The nurses shave my head and give me Thorazine — three pills, three times a day. The psychologists call my mom and ask her to come and get me. She arrives and we fly back to El Paso. At the county hospital there, they put me in a psychiatric ward full of soldiers just back from Vietnam. One of them, a big, strong man, will jump up from his bed at random, any time, day or night, stand at rigid attention, and scream at the top of his lungs, “Corporal Jennings, ready for patrol, sir!”
A friend from high school finds out I’m in the hospital and smuggles in a joint for me. After about two weeks, I suddenly feel all right again. Being around these GIs straight from combat has somehow taken away my depression. I leave the hospital happy. Three days later, the local hippies have a “be-in” at the old mansion by the college. I attend in my hospital pants, with my shaved head. I take some acid. The trip is mellow and pleasant.

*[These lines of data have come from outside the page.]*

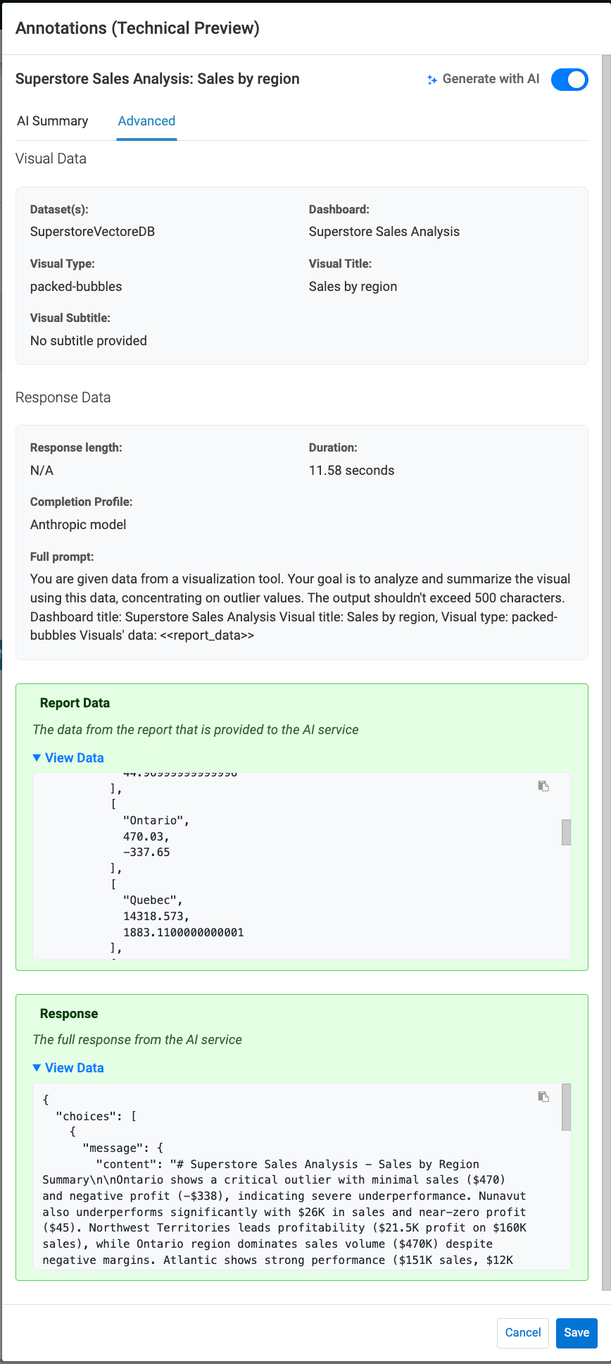 Switch to the Advanced tab to see the underlying details of the generation process, useful for validation or debugging.- Visual Data – Dataset, dashboard, and visual metadata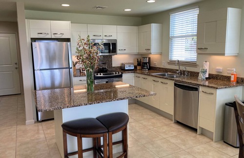 The gourmet kitchen comes fully equipped with stainless steel appliances, granite counter-tops and Italian cabinetry - everything to satisfy your culinary tastes. The dining, and open beam living space comes beautifully furnished with Island detail and includes flat screen HD television, Blu-Ray DVD player and secure Wi-Fi. The layout is perfect to ensure your guests are always a part of the conversation.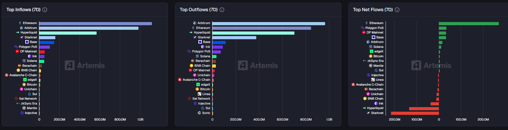 - 链上资产流向:DeFi 桥接资产流向分化,ETH 链净流入规模最大,STRK、HYPE 链流出最多;稳定币小幅增发,ETH 链 DeFi 资金出现明显腾挪,流向其他板块。

Snake and I are sitting underneath a bridge to the Northgate Shopping Center and sniffing glue. Snake is a longtime connoisseur of glue-sniffing. He shows me the proper way to do it: You take two paper bags, one inside the other, and wad them up to make them flexible, then take two tubes of model-airplane cement and squeeze them into the bags, one at a time, trying to keep any from getting on the edge of the bag. (You don’t want it all over your face.) After the glue is in, you squish the bottom of the bags with your hand to smear it all over, give it more spread, for more vapors. Finally, you grab the top of the bags in your half-open fist. Now comes the important part: You don’t actually “sniff” glue; you inhale it, putting your mouth to the opening of the bags and breathing deeply. You inhale several times, sort of hyperventilating into the bag until the fumes burn your lungs and your eyeballs feel as if they’re filling with warm water.
Later, a cop comes looking under the bridge. “Hey, you,” he says. “Come on out of there.” His voice is not mean or anything, just fatherly. He looks fatherly, too — plump, middle-aged, clean-cut.

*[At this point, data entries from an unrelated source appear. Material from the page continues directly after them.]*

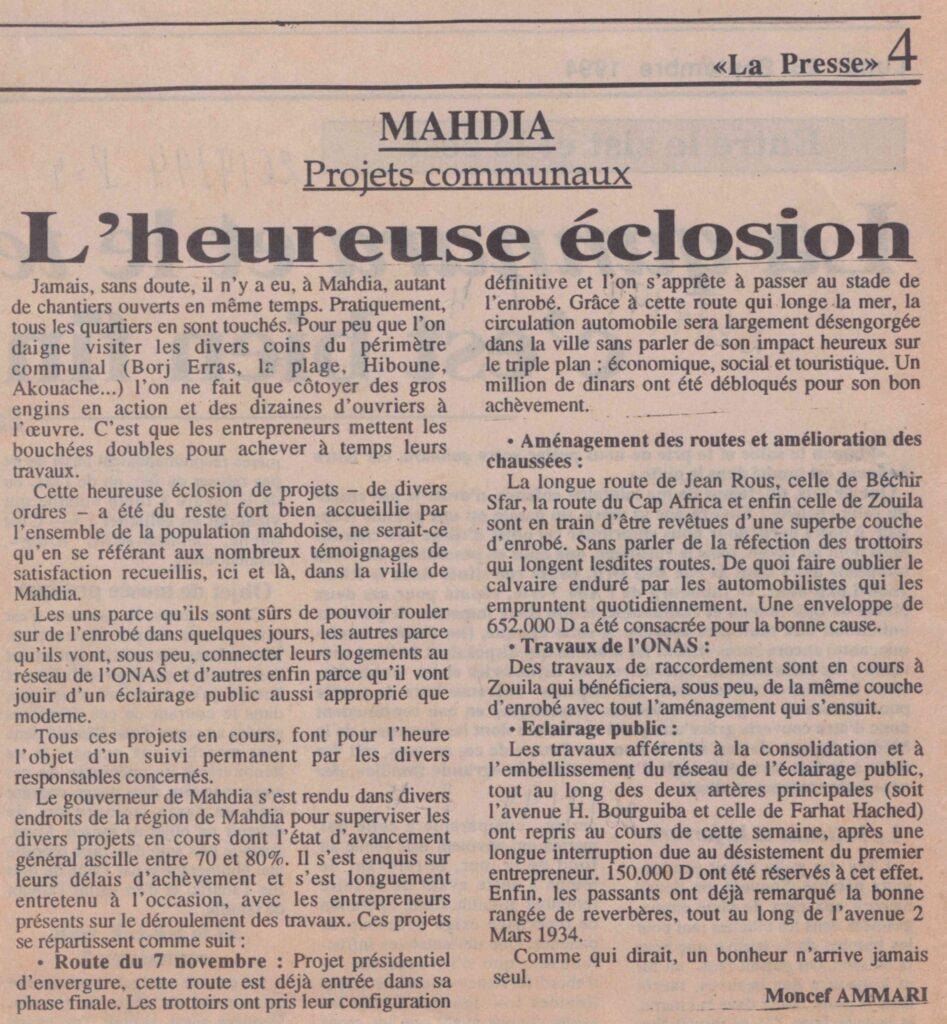 Mahdia célèbre le centenaire de sa mairie 08-03-1987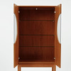 Roble y chapa de roble. Par de puertas parcialmente acristaladas con estante interior de vidrio subyacente. Luz interior. Etiquetado. Ancho 75 cm, profundidad aproximadamente 37 cm, altura aproximadamente 174 cm.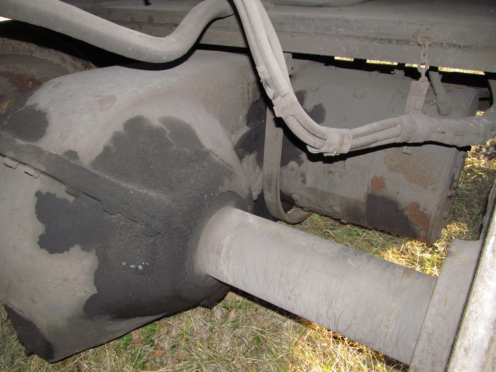 Let's contrast that scene to today and envision a shop mechanic (or museum volunteer for that matter) attempting to fix the heavy-duty chain which helps drive a 45 or 50-ton locomotive. On early GE 45/50 industrial switchers, the trailing axle on a truck was driven by a side-rod that connected to the front axle which was driven by a traction motor. GE eliminated the side-rods on later models in favor of a chain drive built within the truck to achieve the same result. A few photos from the underside of a so-called "critter" helps illustrate the complex nature of the work. The photos here depict the undercarriage commonly found on a General Electric 45/50-ton locomotive. In this case, its ex-Ohio Edison GE 50-tonner recently donated to the Beaver/ Lawrence Historical society located in West Pittsburg, Pennsylvania. Donated by the public utility company, the four-axle GE was built in February 1957 (s/n 32849). Volunteers have been busy restoring the pint-size locomotive to operating condition.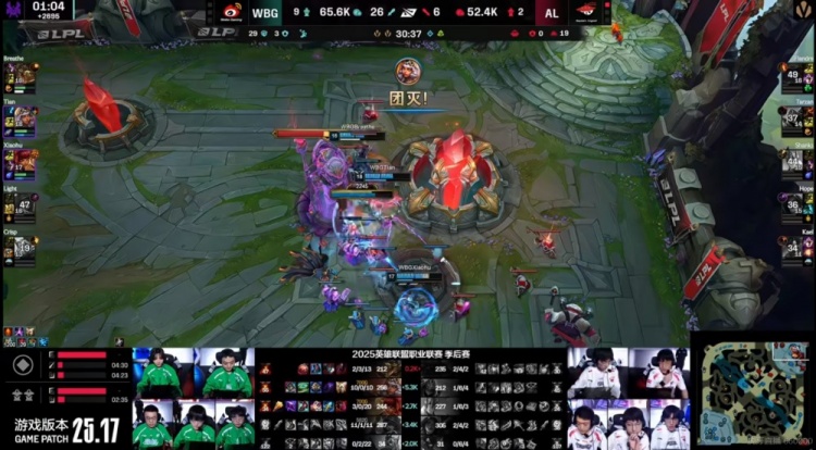 【30:00】WBG分推掉中下两路高地!Crisp洛用大招打断了Flandre奥恩大招但是自己被集火强杀!Hope卡莎虚空索敌命中Light霞直接开飞,但是Breathe鳄鱼一个回马枪开大直接黏住了Hope卡莎!没人管的Tian琪亚娜伤害拉满,最终砍下三杀!WBG团灭AL,扳平了比分!
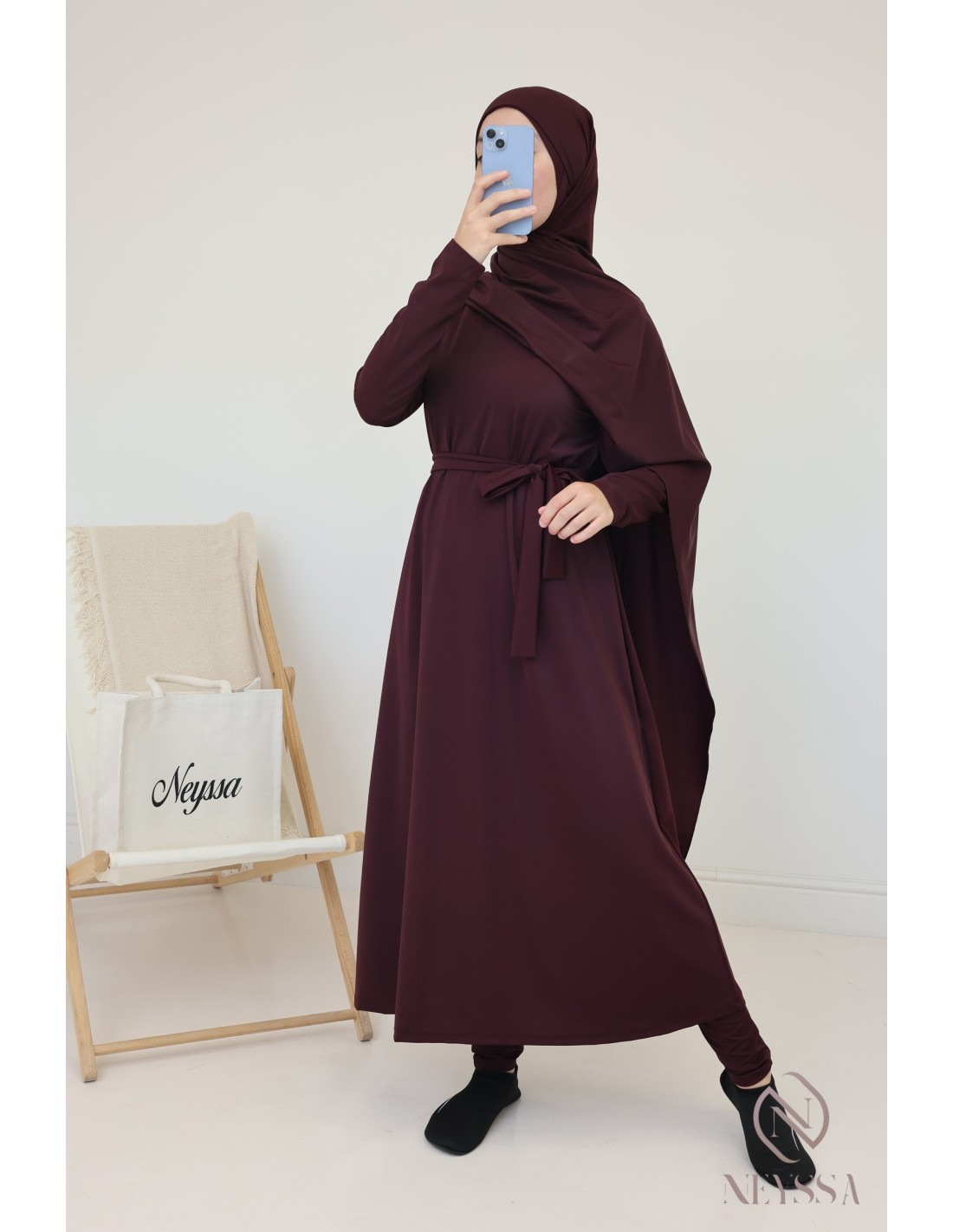 Si vous recherchez un ensemble de bain mastour bien long, confortable, qui sèche rapidement, Neyssa a créé spécialement pour vous ce burkini qui répond à tous ces critères!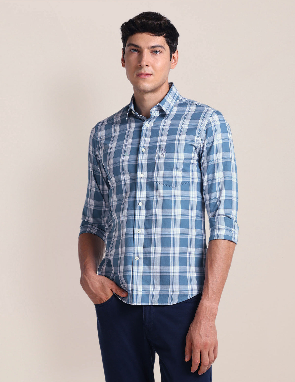 | Spread collar | Chest patch pocket | Full button placket | Long sleeves with rounded cuffs | Curved hemline | Tartan checked pattern | Twill weave | Brand fit: Tailored fit | Fit mapping: Regular fit | Country Of Origin - India
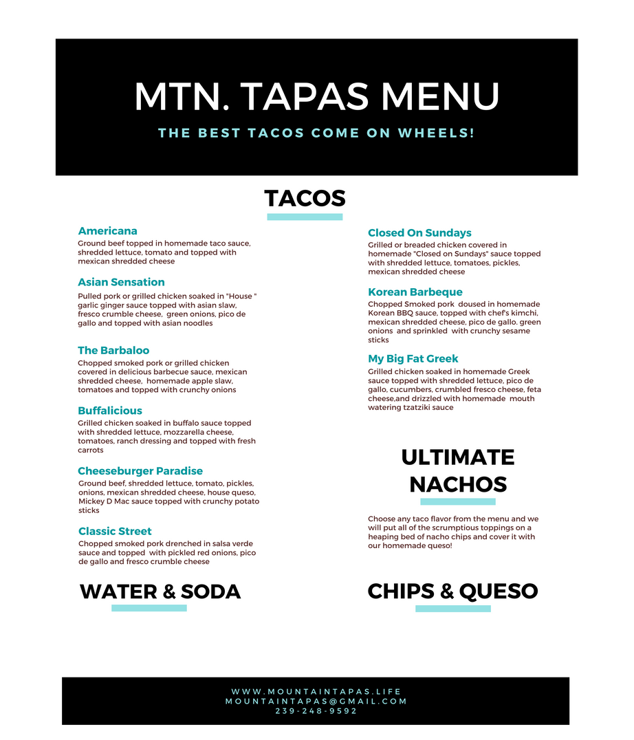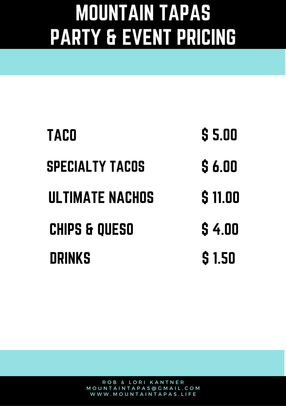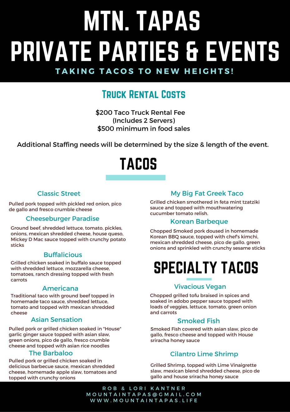 “We LOVE all Mtn. Tapas tacos!! We check FB frequently to see where we can get our “taco fix” next! Thanks Lori and company for all your hard work.”

They put Snake and me in separate police cars. The fatherly cop is sitting next to me, writing out the report. He looks worried, sad even. He’s concerned that I sniff glue. “You shouldn’t do this, son,” he says. “You shouldn’t do this.” His plump, uniformed body heaves a deep sigh. His face is a mask of concern.
The parents have left their sixteen-year-old daughter in charge while they visit Aunt Harriet in Baton Rouge. Unbeknownst to them, their daughter likes pot. They don’t know this, but Snake does.
Snake and I drive around in his car, a 1936 Dodge, looking for somewhere to crash. We find a middle-class home; the parents have left their sixteen-year-old daughter in charge while they visit Aunt Harriet in Baton Rouge. Unbeknownst to them, their daughter likes pot. They don’t know this, but Snake does. The girl is absolutely blown away by Snake, with his long hair and his worldly swagger. “Sure, honey,” Snake says, “bring all your friends over. I’ve got lots of pot, lots of it.”
It’s Friday night, and four or five of her friends come over. Snake gets them all high for the first time, and after the laughter dies down, he casually asks the girl, “When are your parents coming home?”
“In two weeks,” she says.
“Good,” Snake says. “Can I stay the night? Me and my friend are very clean.”
“Sure,” says the red-eyed girl.
“Great,” Snake says. “Let’s smoke some more weed.”
Later, Snake says, “Here, honey, you ought to try one of these,” and gives her a Dexedrine. “Have you ever been with a man? Come here, sweetheart. Don’t be shy. Let Snake show you something.”
When we leave, six or seven days later, the house looks as if a tornado has hit. The valuables are missing, and everything smells like pot. The little girls now like speed and want some more.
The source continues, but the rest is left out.